Adapun pengecualian orang kafir harbiy, sebagaimana dinyatakan syaikh ‘Abdul Qadim Zalum dan Syaikh asy-Syinqitiy, maka hal ini karena darah mereka tidaklah maksum dimasa hidupnya, maka hal yang sama juga berlaku disaat ia mati. Juga karena hadis riwayat ‘aisyah, yang menyatakn bahwa keharaman memecah tulang mayat itu berlaku pada mayat mukmin. lafadz al-mukmin dalam hadis itu adalah isim sifat, maka bisa ditarik mafhumnya. Dengan kata lain, ketentuan ini tidak berlaku pada jasad mayat seorang kafir.
Al-Hasil transplantasi organ dari sesosok mayat kepada tubuh yang masih hidup diharamkan dalam kondisi apapun, termasuk dalam kondisi darurat sekalipun.

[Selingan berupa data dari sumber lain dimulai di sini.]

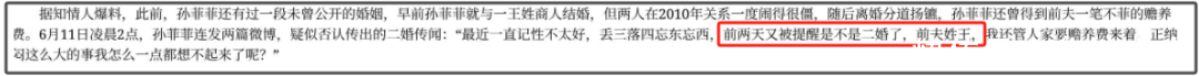 另外,有消息称孙菲菲与史宏结婚之前都有婚史,关于二婚质疑,孙菲菲在当年有回应。她发文调侃称自己都不记得有一位姓王的前夫,也不记得有拿过人家的巨额赡养费,间接辟谣了二婚说法。
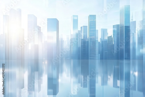 Modern City Skyline with Glass Buildings and Reflections in Water
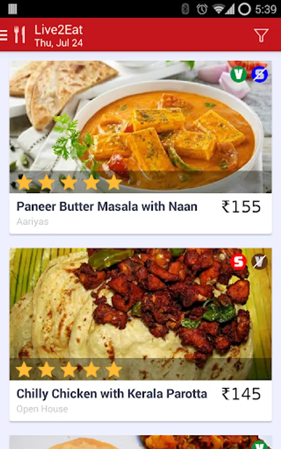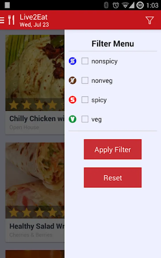 • Filter menu based on Veg, Non Veg, Spicy and other attributes
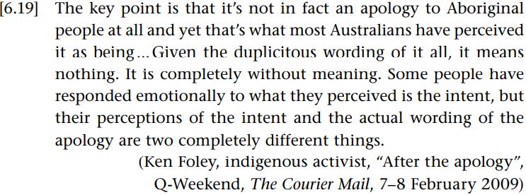 The point argued here by Foley is that, while the apology was perceived by most Australians as an apology to all indigenous Australians, it was in fact only an apology for what happened to the Stolen Generations. Such activists contend that a real apology should address all injustices against all indigenous Australians. The second point of contention is that an apology must be accompanied by meaningful compensation or reparations to count as real or sufficient:
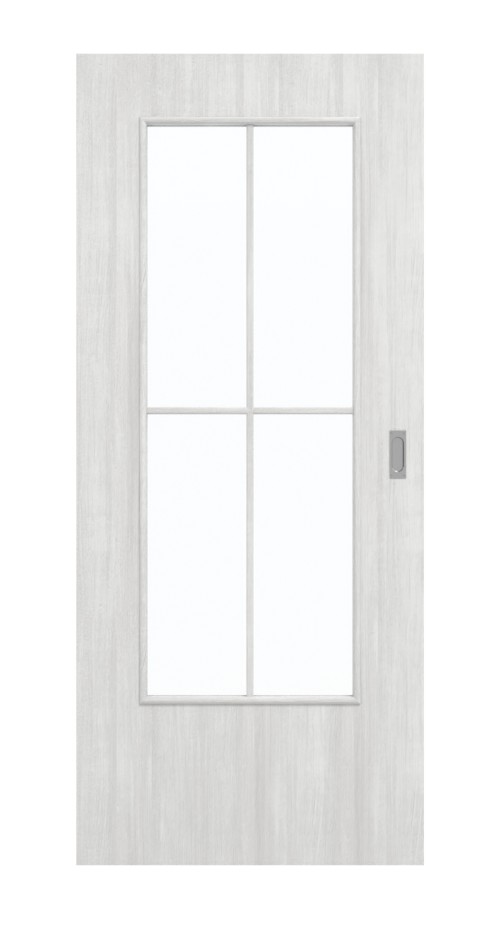 Duży otwór świetlny umieszczony w środku skrzydła drzwi zapewnia jasną atmosferę wewnętrzną. Jest podzielony eleganckimi szprosami na cztery równe pola. Drzwi w szarej okleinie drewnianej zachwycają nowoczesnym wyglądem. Delikatne cienie tworzą pionowe usłojenia na skrzydle drzwi. Drzwi emanują chłodnym urokiem. Powierzchnia HPL okazuje się niezwykle odporna na obciążenia mechaniczne.
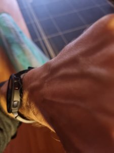 Har kanske använt det bandet i ~1 vecka då jag roterar med lite andra klockor och har använt gummibandet vid träning, vilket gör att det fortfarande ser ut som nytt med endast ett litet märke från spännet.
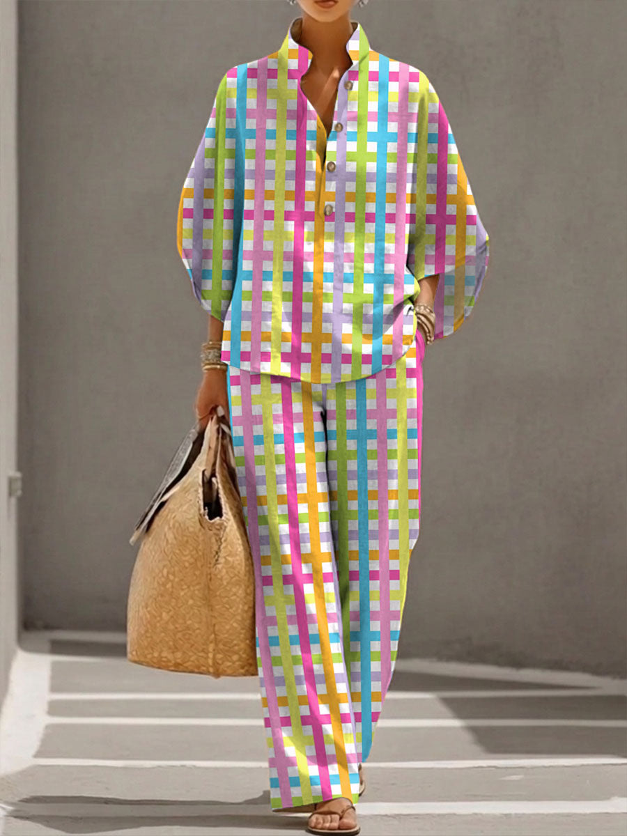 Women's Pink Plaid Print Casual Cotton-linen Two-piece Set
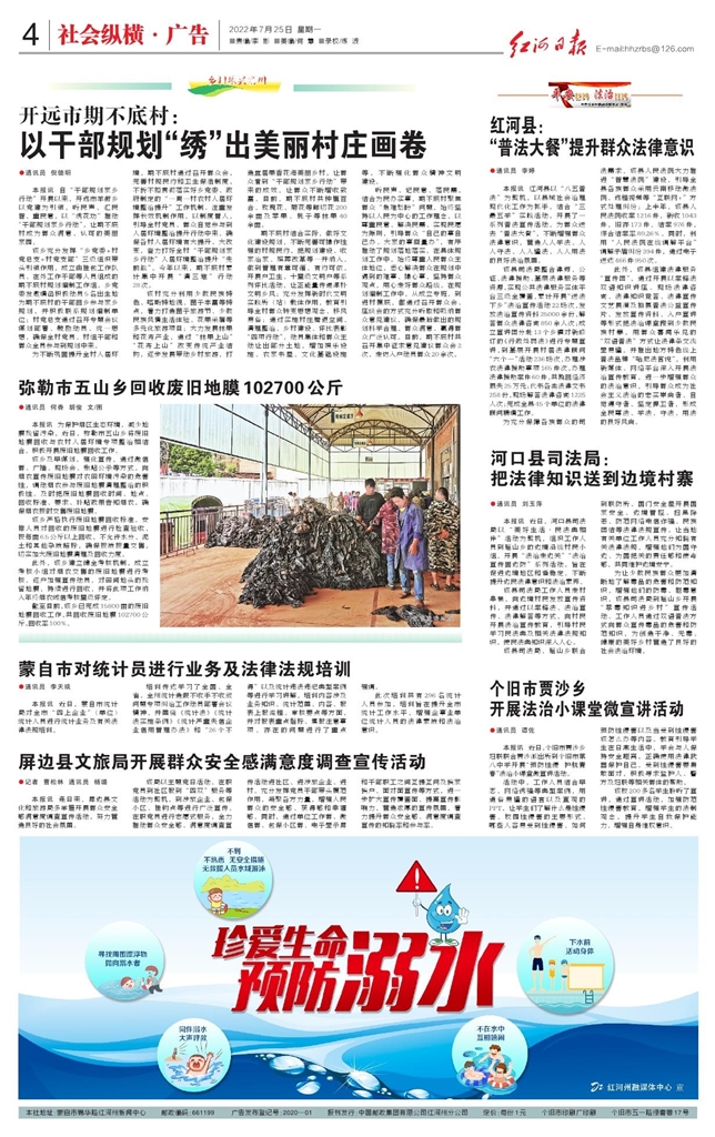 - 河口县司法局:把法律知识送到边境村寨 ●通讯员 刘玉萍 本报讯 近日,河口县司法局以“美好生活·民法典相伴”活动为契机,组织工作人员到瑶山乡的边境沿线村民小组,开展“法治走边关”“法治宣传固边防”系列活动,旨在促进边境地区和谐
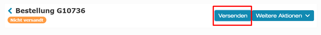 Klicken Sie in der Bestellverwaltung auf der Detailseite der Bestellung auf die Aktion Versenden.
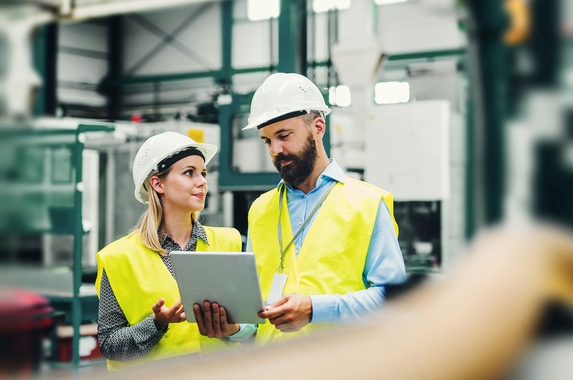 Mann mit Helm und Tablet mit Manufacturing Cloud steht in Fertigungshalle und schaut in Kamera.

3. Jenis transaksi pendonoran
Apabila berkaitan dengan pemberian maka diperbolehkan, akan tetapi bila diperjualbelikan, dari paparan di atas kita dapat menyimpulkan bahwa hukum jual beli organ tubuh diharamkan dalam sebagian besar fakta organ yang akan ditranplantasikan. Sebab, setiap perkara yang haram untuk dimanfaatkan maka haram pula untuk diperjualbelikan (maa yahrum intifa’uhu yahrumu bai’uhu), Seperti, keharaman menjualbelikan bangkai karena keharaman pemanfaatan bangkai itu sendiri. Pendapat sebagian besar ulama kontemporer yang membolehkan tranplantasi tidak serta merta membolehkan jual beli organ tersebut. Sebab, mereka membatasi kebolehan tersebut dalam kondisi darurah dengan cara donor (at-tabarru’ah). Mereka sepakat bahwa fakta daruroh tidak bisa diberlakukan dalam tijaroh (jual beli) organ tubuh. Sehingga, menurut mereka keharaman jual beli organ tubuh berlaku umum pada seluruh jenis oragan tanpa kecuali. Kesimpulan ini bisa dilihat dalam fatwa-fatwa yang telah disebutkan di atas. Begitupun pendapat Syaikh ‘Abdul Qadim Zalum, jual beli organ tubuh mayat diharamkan, karena tak seorang pun memiliki haktasharruf atas jasad mayat, baik dengancara tabarru’ (donor) ataupun al-ittijar bih (jual beli). Adapun, jual beli organ tubuh di saat masih hidup yang dilakukan oleh pemilik organ tersebut, maka dzohir pendapat beliau hal itu diperbolehkan, selama bukan pada objek-obejk vital yang bisa menyebabkab kematian. Sebab, seseorang memiliki hak atas tubuhnya berdasarkan dalil-dalil yang telah kita paparkan di awal. Sehingga ia memiliki hak untuk mentasharufkannya baik dengan cara donor atau jual beli. Namun, sekali lagi hak ini tidak bisa diwariskan. Sebab kepemilikan terhadap harta (al-milkiyah lil amwal) berbeda faktanya dengan kepemilikan terhadap jasad atau organ (al-milkiyah lil jism au al-adho’). Wallahu a’alam.